The Compression Gap: Why Discrete Tokenization Limits Vision-Language-Action Model Scaling
arXiv cs.RO / 4/6/2026
💬 OpinionIdeas & Deep AnalysisModels & Research
Key Points
- The paper argues that scaling Vision-Language-Action (VLA) models by improving the vision encoder works for vision-language tasks but can fail for visuomotor action pipelines when actions are represented as discrete tokens.
- It introduces an information-theoretic “Compression Gap” principle: performance scaling is limited by the tightest information bottleneck in the visuomotor pipeline, not by uniformly increasing capacity.
- When actions are continuous (e.g., Diffusion Policy), the vision encoder acts as the binding constraint, so encoder upgrades yield strong gains in manipulation performance.
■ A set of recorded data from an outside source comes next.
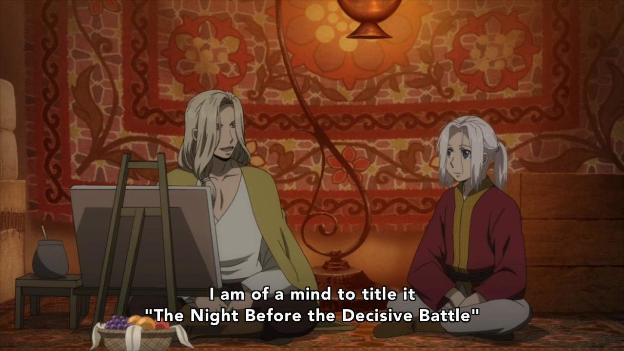”Man, I hate that guy.” – bothAlso notable is that Arslan actually does something productive in this episode with no meddling at all from Narsus, although it is a little weird that that something is basically to suggest that the new recruits get rudimentary combat training.
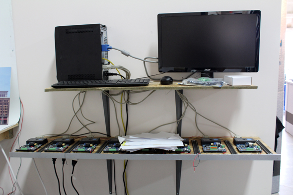 | Here we see the early test shots of the cylindrical hopper and the stack
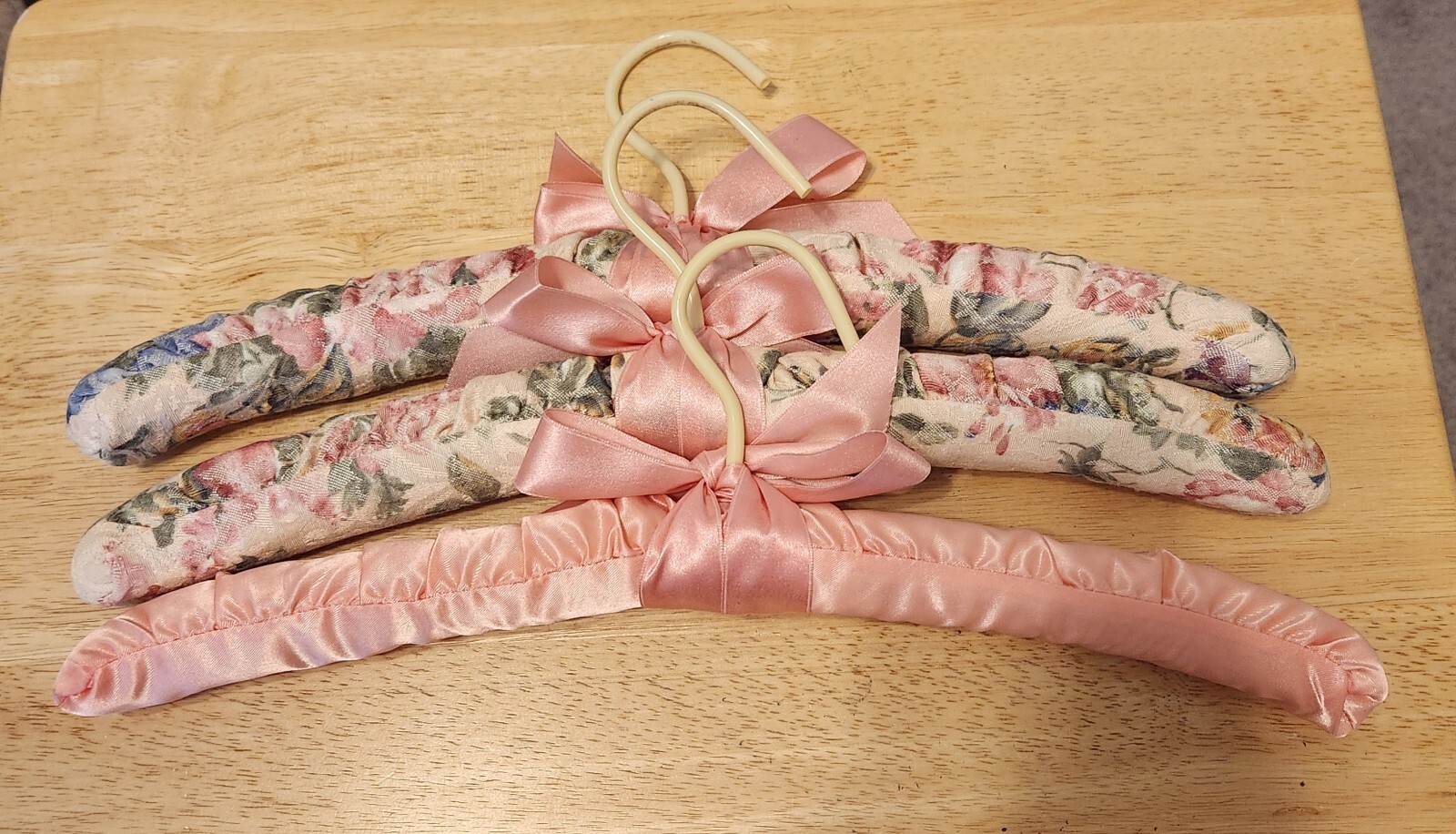 как выглядит 3 VTG Padded Satin and Cloth Clothes Hangers Lot VERY NICE фото
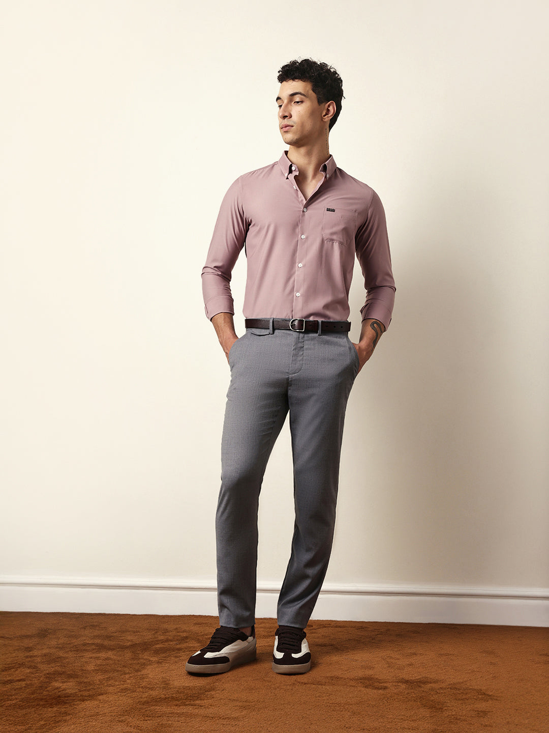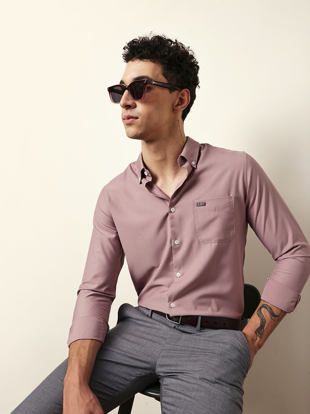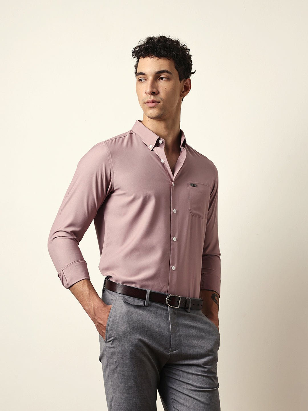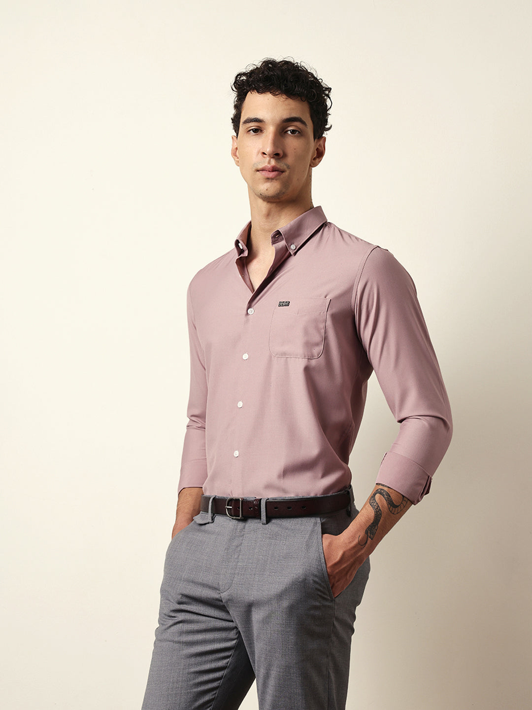 Shop Pink Solid Slim Fit Casual Shirt with a Classic Semi-Formal Look Online.
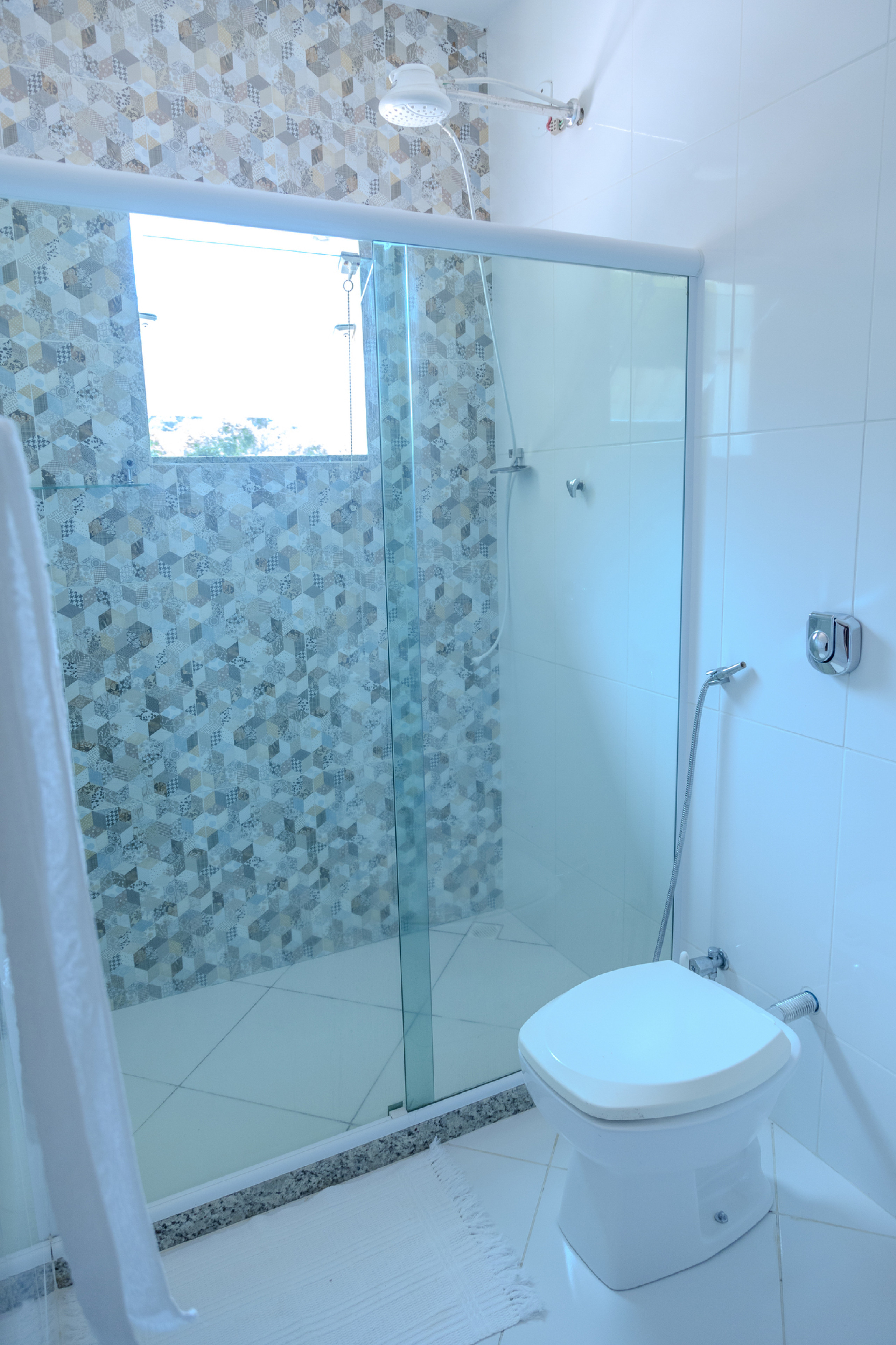 - Os banheiros sociais 1 e 2 são equipados com chuveiro elétrico e box de vidro/acrílico

- When actions are discretized via a fixed-capacity codebook (e.g., OAT), the codebook becomes the binding constraint, so encoder improvements do not meaningfully propagate past that bottleneck.
- Experiments on the LIBERO benchmark provide evidence via (1) an encoder-upgrade factorial study, (2) encoder quality gradients across four encoders, and (3) a codebook-size experiment showing that increasing codebook capacity partially restores sensitivity to encoder improvements.